For China, there are more potential advantages. If this framework can ultimately be formed, not only will the threat to China's west constituted by the Indo-Pakistani "dangerous liaisons" be deflected, China will also be able to find a way to counter the US infiltration in European and Asian continents or even the North Atlantic Treaty Organization's eastward expansion, a possible result of the cooperation between Russia and NATO. The key is to unite Central and South Asian countries for regional security and development.
China might not have had this strategic awareness when the SCO was established, but it nevertheless turned out to be a proactive move. The issue today is that China should make more such moves at quicker speed. It should integrate the economic development of the western region with its geopolitical strategy, so that the gambit of playing off the Western alliance against eastern expansion can materialize.

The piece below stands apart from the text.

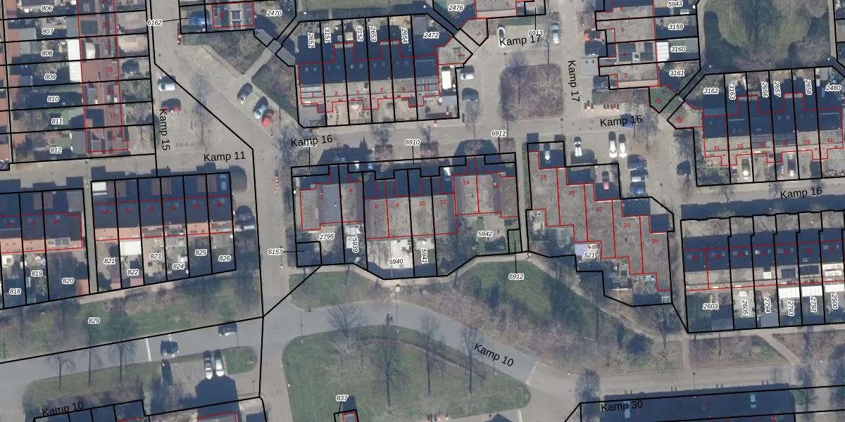 Gebruik de zoekbalk of klik op een perceel voor informatie over de adressen binnen dit perceel.
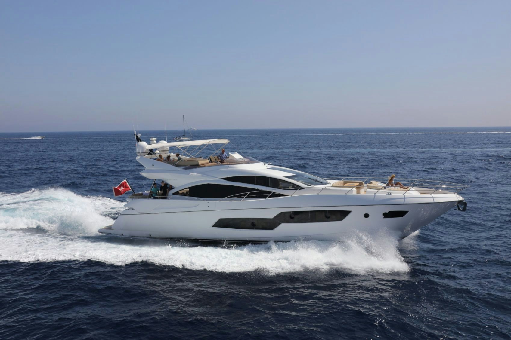 Kept in pristine condition since her launch in 2014, ALLEGRIA is a fine example a Sunseeker yacht built to high specifications. The luxury yacht’s interior is adorned with bespoke linens and Ralph Lauren fabrics further complemented by black American walnut to create a chic, relaxed atmosphere.

As pressure from the West's eastern expansion is repelled, there will be more room for development and better security conditions for China.
When President George W Bush named the "axis of evil" and prepared for a "pre-emptive strike", US security strategy did not intend to leave much room for a security framework centered on other regions. From Russian President Vladimir Putin's idea of an "arc of stability", it can be seen that not much time has been given to Russia (in fact China too) to build up a geopolitical strategy that is consistent with their national interests. For a country that longs to be an influential global power, a long-term strategic design alone is not enough. There is also the need to react promptly and take the initiative. This is not just the trivial trick of "playing off the barbarians against the barbarian", but a grand move in the participation of creating a new international order.
It should be admitted that China, still a junior student in international affairs, is learning to be a global power, including how to respond to crises. However, as a junior student that nevertheless is thousands of years old, China should rise above its long-held parochial Sino-centric (Tian-sha) vision, salvage the wisdom of diplomatic maneuvers from the depth of historical memory, and absorb the nutrients of strategic thinking from its heritage, so as to arrive at its own original answers in the test of international strategy.
In the next Asian crisis, people will find that China has already put another "idle piece" in the far-away city of Bo-ao. It is hoped that the strategy of "playing off the Western alliance against eastern expansion" will have become mature by then and, like other Chinese strategic deployment, will form a security buffer for China.